Some of those who perform calculations with pledged delegate counts say that Sen. Hillary Clinton didn’t even come close to closing the gap between her and Sen. Barack Obama with her big win in Ohio and narrow edge in Texas on Tuesday.
Even so, it was depressing to see her still in the contest, spinning away. Not that either candidate made much sense about the North American Free Trade Agreement in their Ohio debate. Both blamed NAFTA for the loss of Buckeye State manufacturing jobs.
Go back to 1992, and there was H. Ross Perot warning about the “giant sucking sound” of jobs going to Mexico if NAFTA were approved.
However, if Mexico now has those jobs, why have millions of Mexicans made their way, legally or illegally, into this country?

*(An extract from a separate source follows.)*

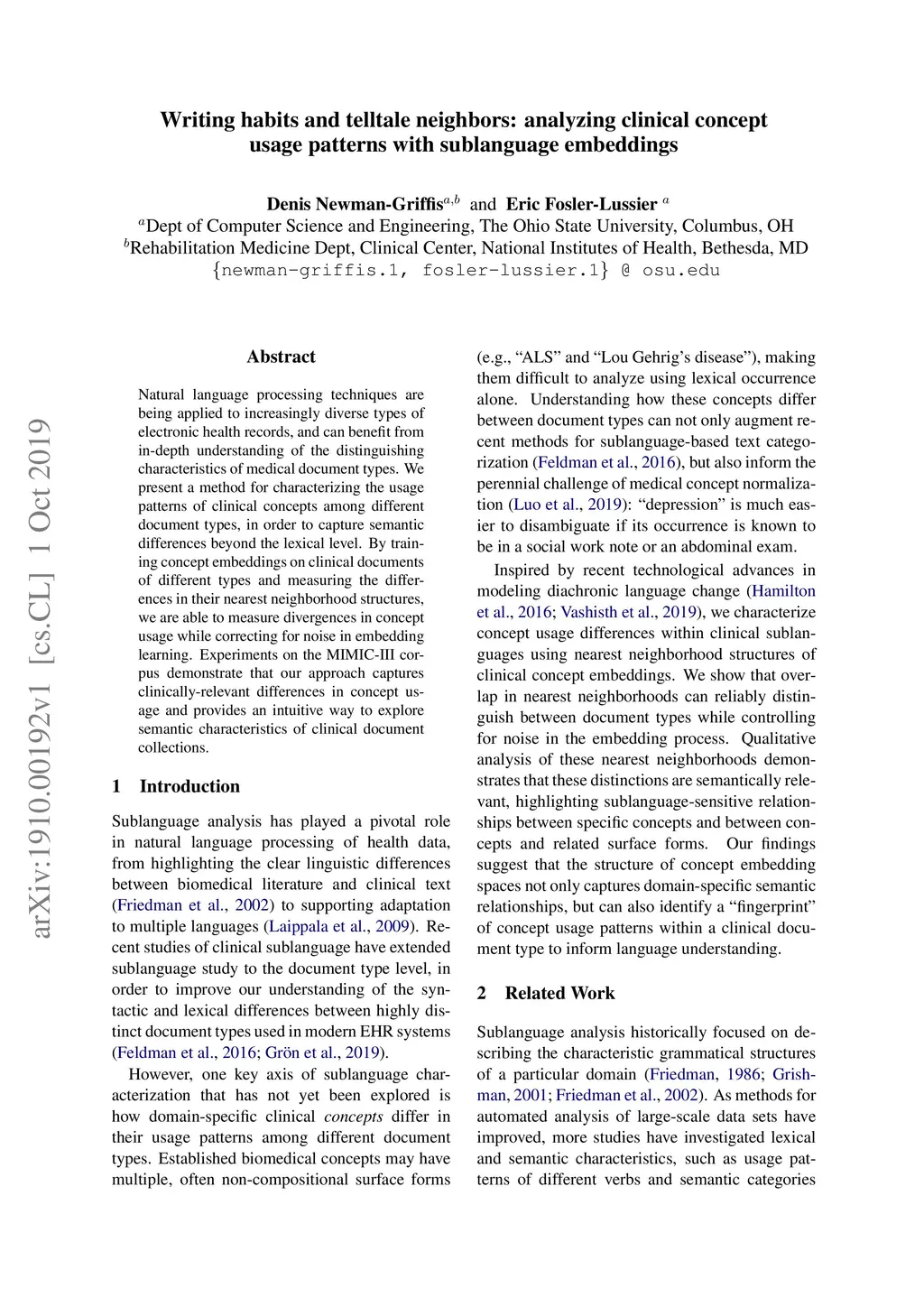 Writing habits and telltale neighbors: analyzing clinical concept usage

If there was plenty of good-paying factory work there, why would they go to the trouble of moving here?
So where have these industries gone? They used to make tires in Ohio. We just bought a new set for our little Geo Prizm. The tires came from Korea, not Akron or Chihuahua. If you want to blame trade policies for a decline in American manufacturing jobs, there’s likely a case to be made — but that case cannot be made by blaming Korean tires on a treaty with Canada and Mexico.
The two campaign operations illustrate a divide in the Democratic Party. Up until recently, it was a coastal party, if you make the Great Lakes a coast and cede the shoreline from Virginia to Texas. But party chairman Howard Dean has tried to change that with his “50-state strategy,” putting staff and organization throughout the country.
It struck me as a good idea to compete everywhere, and in 2006 Democrats certainly picked up in red zones like the Interior West.
But it wasn’t popular with some segments of the party. Clinton strategist Paul Begala accused Dean of “hiring a bunch of staff people to wander around Utah and Mississippi and pick their nose.”
And even if Obama won in Colorado and many other states, Mark Penn, a major honcho for the Clinton campaign, asked, “Could we possibly have a nominee who hasn’t won any of the significant states, outside of Illinois?”
Now it may be true, in the big sweep of things, that we live in an insignificant state. But it is nonetheless insulting to hear that from someone running a national campaign.
Further, if a party wants to be viable nationally, it needs to care about races for state legislators, governor, and the U.S. House and Senate, even in an insignificant state like ours.
Or maybe it doesn’t make that much difference. We elect a Democrat to the U.S. Senate, and he supports torture and immunity for telephone companies that assist in illegal wiretaps.
We elect a Democratic legislature, and a bill to elect water conservancy district boards, which would eliminate an onerous form of taxation without representation, is killed by a 10-3 vote in committee.
A Boulder Democrat, Rep. Alice Madden, has proposed limitations on our open-records laws; this is hard to construe as a step toward honest and transparent government.
Last week, the Senate State Affairs Committee killed a bill that would have prevented our state fair from requiring participants to register in the “voluntary” National Animal Identification System, which is generally loathed by small agricultural producers. The bill had passed the House, but Democrats in the Senate apparently forgot that some party is supposed to be looking out for the little guy.
So what the hell. If Clinton’s people take over the Democratic Party and a neglected Colorado goes back to being run by Republicans, it may not matter all that much. After all, Coloradans are not significant.